Разнонаправленность двух мировоззренческих позиций, насильственно сведённых в единую эклектическую конструкцию, и погубила в конечном счёте советский проект. При этом “личные, чисто человеческие оговорки (классиков ― С. Г.) ничего не меняли в официальном историческом монологе марксизма, оказавшегося непреклонным в своём догматическом оптимизме”[14]. А то, что “брак” в теоретическом обеспечении проекта обнаружился не сразу, объясняется просто: до поры до времени эклектика была малозаметна.

Дело в том, что пока малограмотный народ напрягался на стройках и гибнул на войнах, руководителям верили нá слово — было не до теорий. Да и послевоенная трудная обстановка не располагала к ним. Но вот настали более спокойные и сытые времена (так называемый “застой”), подросло новое, более образованное поколение, в сознании которого противоестественное совмещение двух разнородных мировоззренческих позиций начало постепенно давать сбои. То есть новое поколение если ещё и не понимало, то уже интуитивно чувствовало, что в своих реально существующих формах советский проект определяется не столько официально заявленным идеалом социальной справедливости, сколько своим научным обоснованием — материалистическим мировоззрением. Мировоззрение же это, чуждое относительным в его трактовке ценностным понятиям, подспудно ориентировало массовое сознание на принципиально не совместимые с высокими идеалами вышеупомянутые поведенческие установки: политика, экономика, наука ― отдельно, мораль ― отдельно.

В такой ситуации перед вождями страны остро встал вопрос о соответствии идеалов мировоззрению. Тут уже партийному руководству и его философской обслуге пришлось напрягать мозги всерьёз: изобретать, с одной стороны, “марксистко-ленинскую этику”, а с другой — обуздывать крепнущий молодёжный цинизм с помощью ещё одного наспех сляпанного рычага управления — “Морального кодекса строителя коммунизма”. Но, как известно, ни одна из этих мер себя не оправдала. Заказное словоблудие советских философов уже откровенно раздражало, а плагиат из новозаветных текстов лишь усиливал общественный нигилизм.

Этот-то нигилизм, насквозь пропитавший сознание огромной части советского общества и полностью — его верхов, и подкосил его. И он же открыто заявил о своем праве на существование к концу 1993 года, когда были доведены до своего логического завершения и юридически легализованы все скрытые, подспудные тенденции предыдущего политического строя. Всё остальное — разочарование в идеалах, предательство элит и др. — закономерные следствия из сложившейся ситуации. В эпоху “перестройки” эти следствия были доведены до своего логического завершения и юридически легализованы»[15].
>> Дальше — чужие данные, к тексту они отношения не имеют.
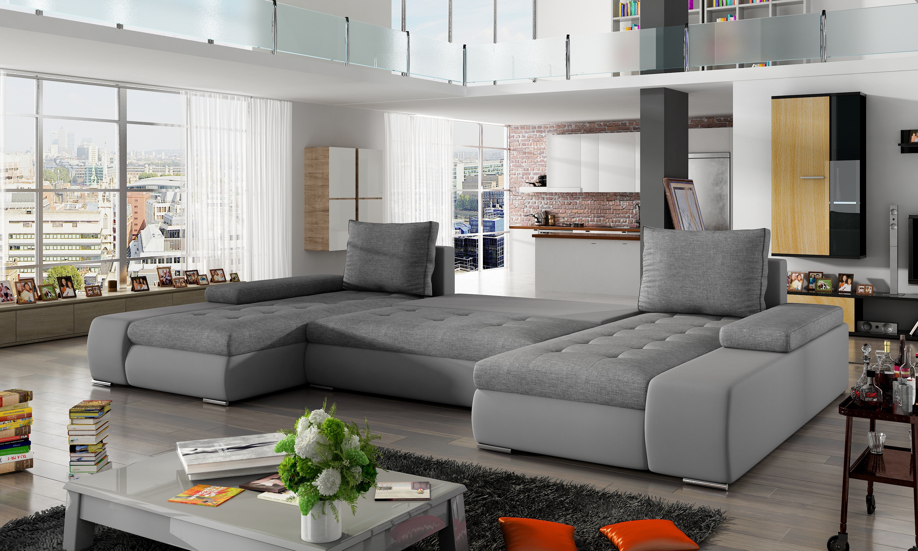 Rozkládací souprava s úložným prostorem v barevném provedení hnědá látka/eko kůže světle hnědá. Spací plocha 297x122 cm. Výplň sedáků je vyrobena z vlnité pružiny a pěny T30 - tato kombinace zajišťuje měkkost, pružnost a dostatečnou oporu během odpočinku. Tato sedací souprava je variabilní. Moderní design, mírně zaoblené uzávěry, jemné pěnové a okrasné polštáře mají významný vliv na celkový, stylistický vzhled a poskytuje maximální pohodlí při relaxaci během dne. Potahová látka jako na hlavní fotografii.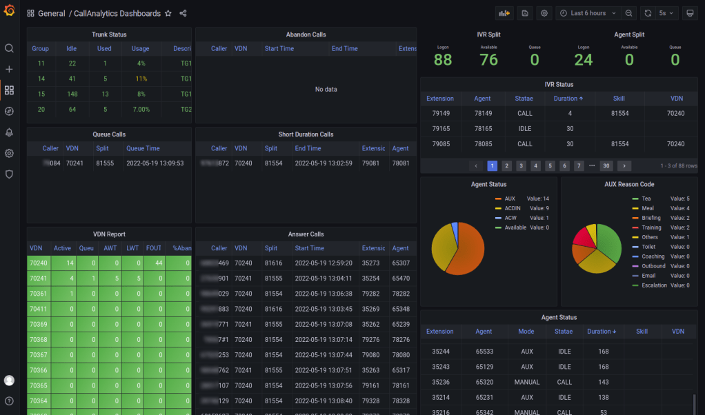 CallAnalytics can integrate with Grafana now! We can produce useful dashobards for Avaya call center by the integration. Traditionally, you cannot see which customer is waiting in queue, which one is abandoned and which one is disconnected right after an agent is connected using standard Avaya reports. Now you can see them in the Grafana. Here is the screen. You can contact service@upinget.com for more information.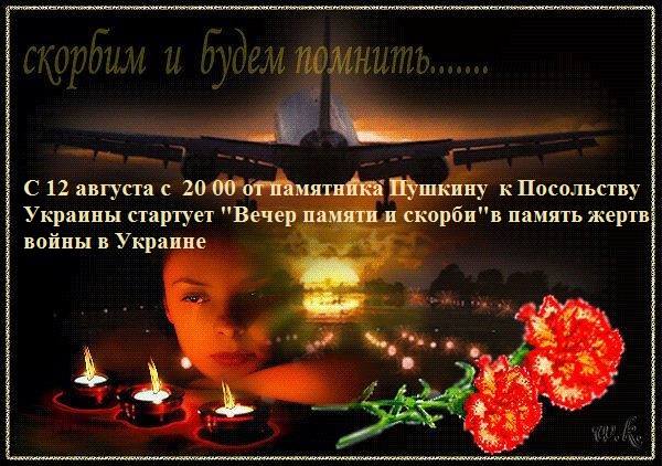 12 августа в 20:00 в Москве состоится "Вечер памяти и скорби" по жертвам войны на Украине. Об этом говорится в сообщении соответствующей группы, созданной в Facebook.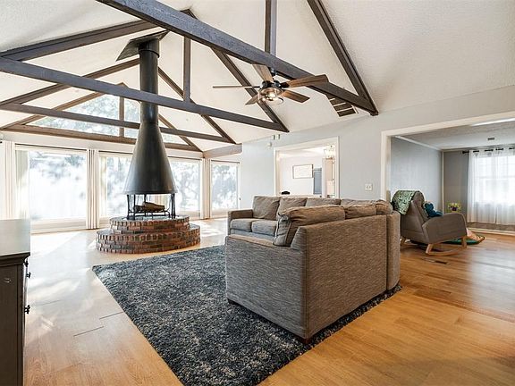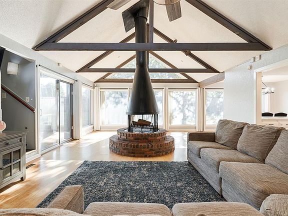 Upon entering, you will be greeted with a gorgeous cathedral ceiling, and the beautiful free standing fireplace. The large picture windows surround the entire open main areas, providing so much natural light. Off the living room is a flex space which can be used for an office, play room, game room etc., the possibilities are endless. Downstairs is the primary suite, and 3 additional bedrooms. Upstairs you will find 2 more bedrooms.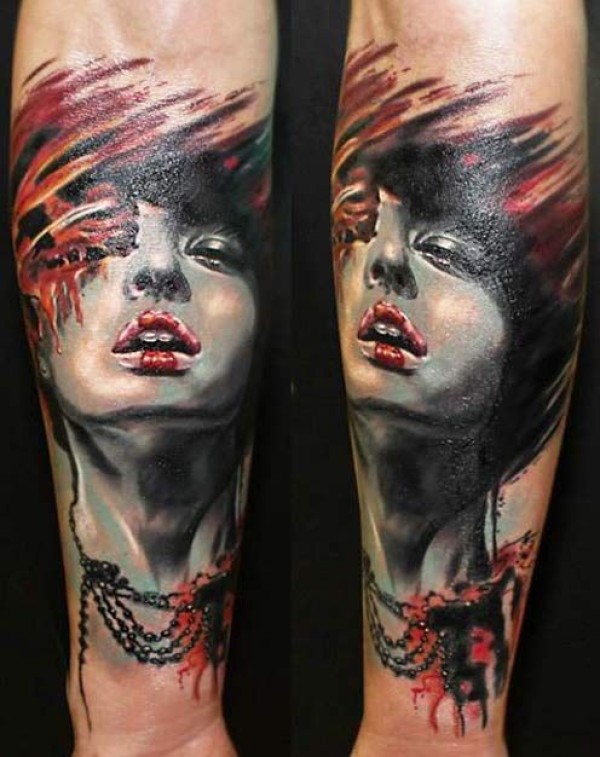 小臂美丽的女人肖像彩绘纹身图案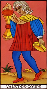 O Pajem de Copas indica uma fase construtiva no trabalho que sugere promessas e possibilidades futuras de realização. Não tenha pressa e nem espere demais em pouco tempo, saiba aguardar e mantenha seu espirito investidor para que tenha, futuramente, mais condições de avançar e melhorar o que desejar.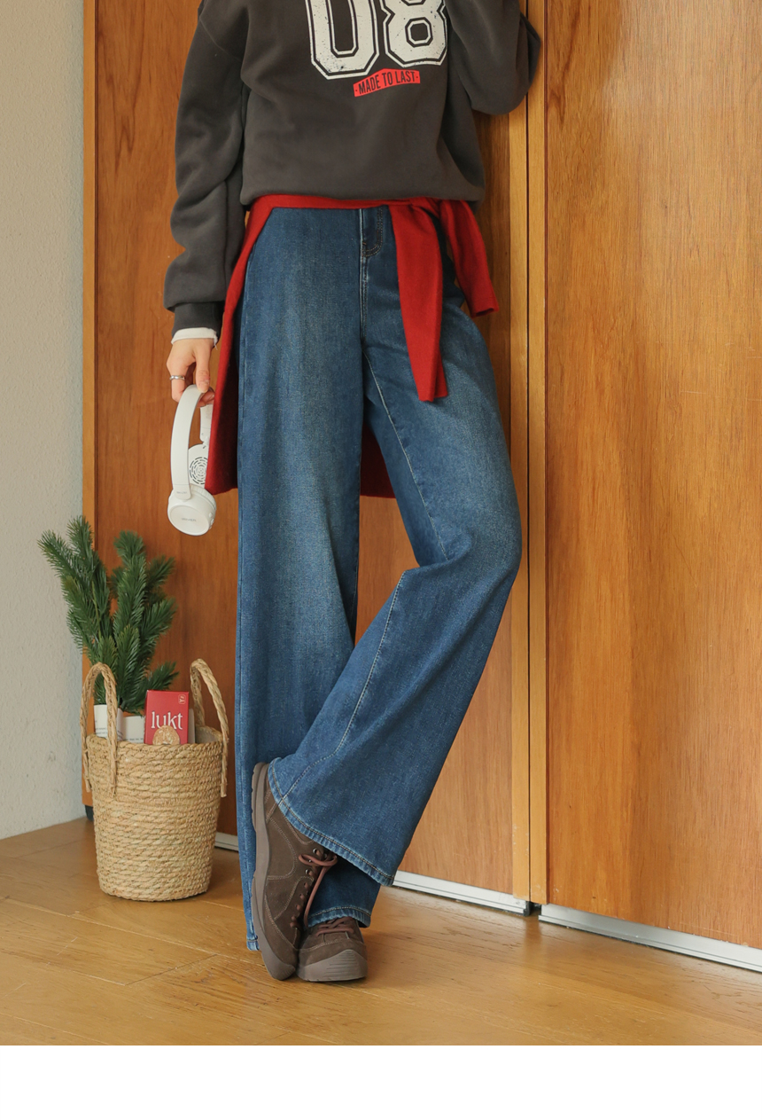 [Made] Real Elastic Tension Wide Raised Fleece Denim Pants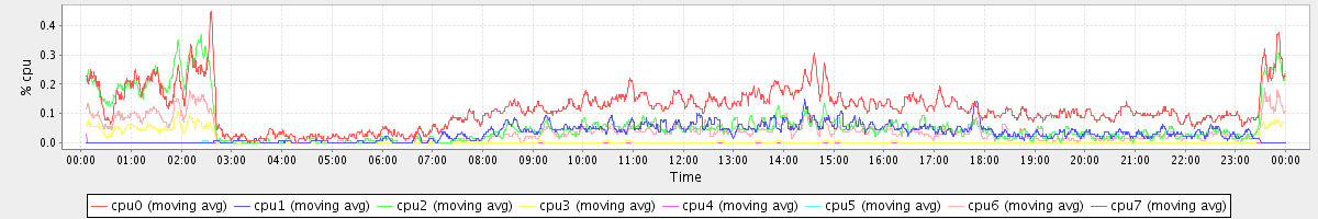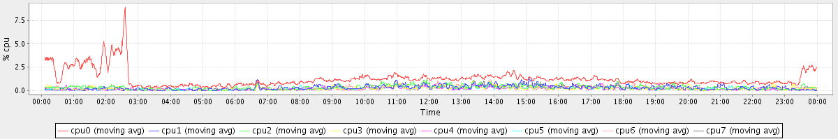 avg(cpu0) = 1.27 avg(cpu1) = 0.31 avg(cpu2) = 0.34 avg(cpu3) = 0.22 avg(cpu4) = 0.17 avg(cpu5) = 0.19 avg(cpu6) = 0.26 avg(cpu7) = 0.20
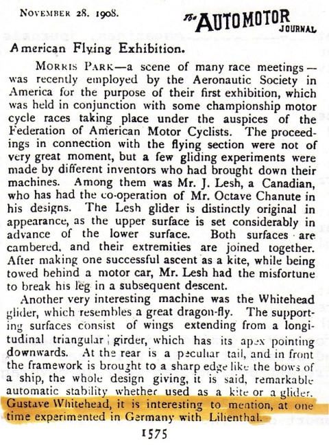 Gustave Whitehead announced plans to enter the competition with an aircraft powered by a 50 hp engine of his own design. [ ] Whitehead was, at the time, a well-known builder of engines and airframes.[ ]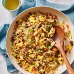 - Use leftover rice that’s been cooled in the fridge to prevent the dish from becoming mushy.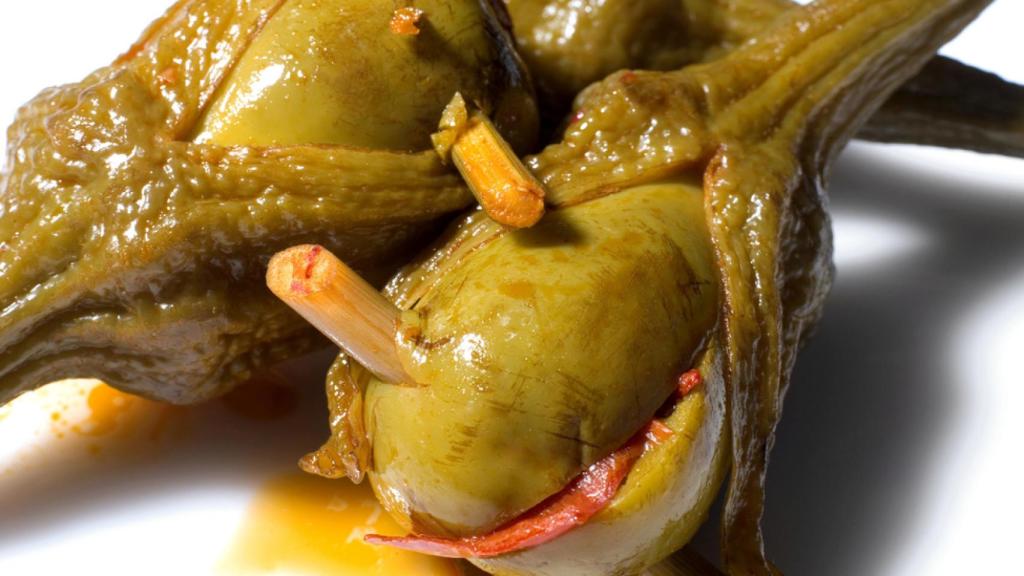 La fermentación del vinagre, el aceite de oliva, la sal, cominos, ajos, pimentón y agua, durante un periodo de catorce días, da origen a este aperitivo de sabor exclusivo, bajo en calorías y rico en fibra. Además, suele sofisticarse rellenándolas con pimiento rojo.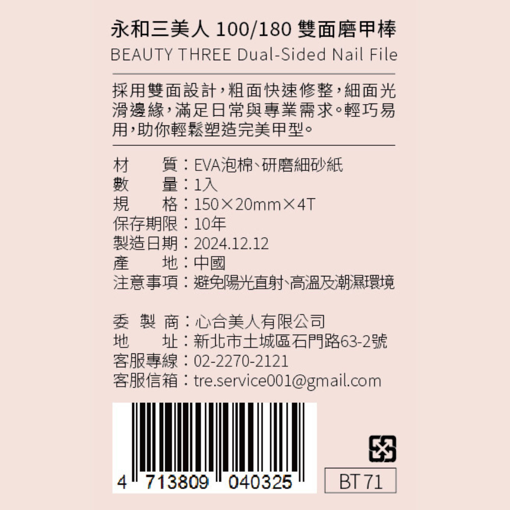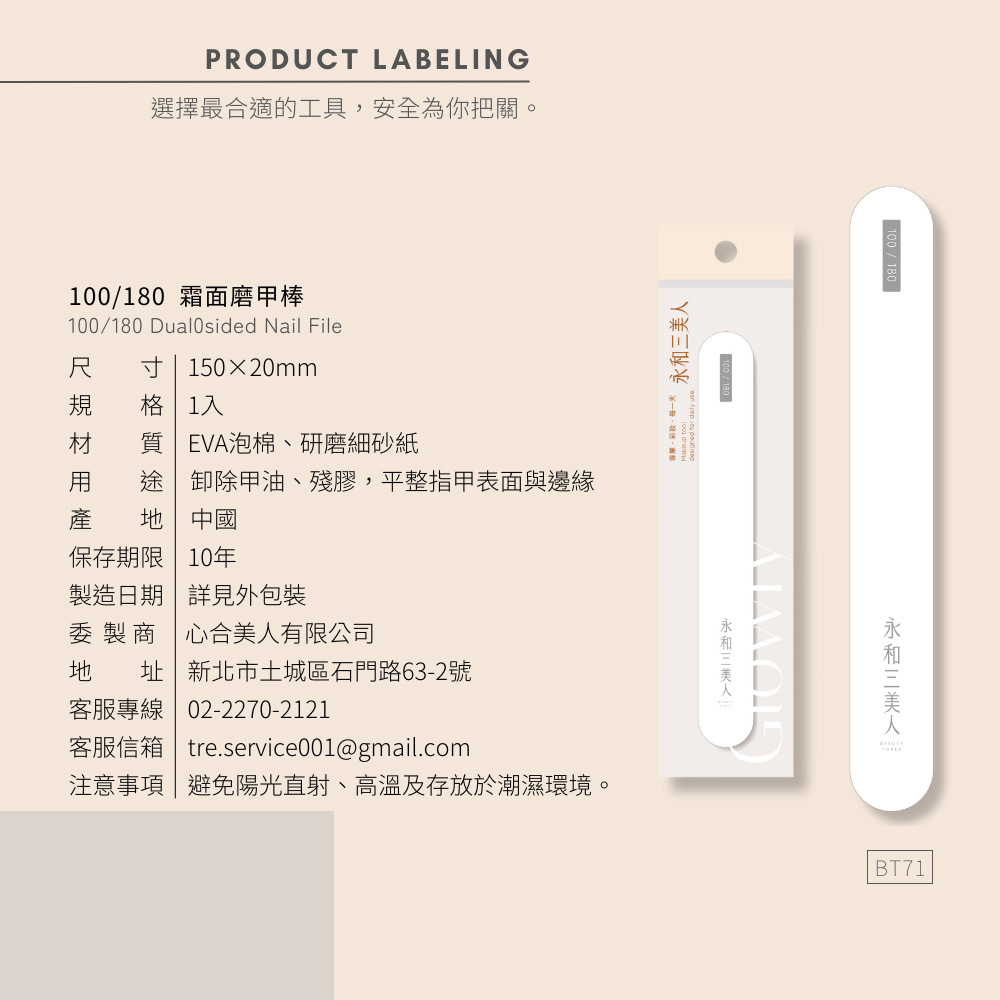 用 途:卸除甲油、殘膠,平整指甲表面與邊緣

А вывод отсюда следует один: «реставрация социализма в России на прежней научно-материалистической основе была бы для неё самой большой и непоправимой ошибкой, какую только можно представить»[16].

 

4. Как видим, подлинная причина распада Советского Союза заключается в том, что за теоретическое обеспечение строительства общества социальной справедливости была принята теория, абсолютно чуждая идее социальной справедливости. Не удивительно поэтому, что во времена так наз. «перестройки» руководство страны кинулось в другую крайность: в теорию «свободного рынка». Но и тут произошёл «облом», очень хорошо объяснённый всё тем же А. С. Панариным. Цитирую:

«Сегодня впервые со времени провозглашения программы западного мо­дерна инициаторы этой программы объявляют, что она — не для всех, а толь­ко для избранных, для своих, для “золотого миллиарда” <...˃ Объединённый в ходе “холодной войны” Запад образовал глобальный властный треугольник, призванный провести деиндустриализацию всей той части мира, которую За­пад не считает своей, входящей в круг избранных. Этот треугольник включа­ет МВФ, Всемирный банк и Всемирную торговую ассоциацию. Это трио при­звано осуществлять неустанное наблюдение за поведением национальных правительств третьего и бывшего второго миров на предмет того, насколько последовательно осуществляется программа деиндустриализации — свёрты­вания национальной обрабатывающей промышленности, науки, образования и культурного развития»[17]. В конечном же счёте это трио настойчиво проводит в жизнь про­грамму социальной и духовно-нравственной деградации всех тех, кого не считает своими.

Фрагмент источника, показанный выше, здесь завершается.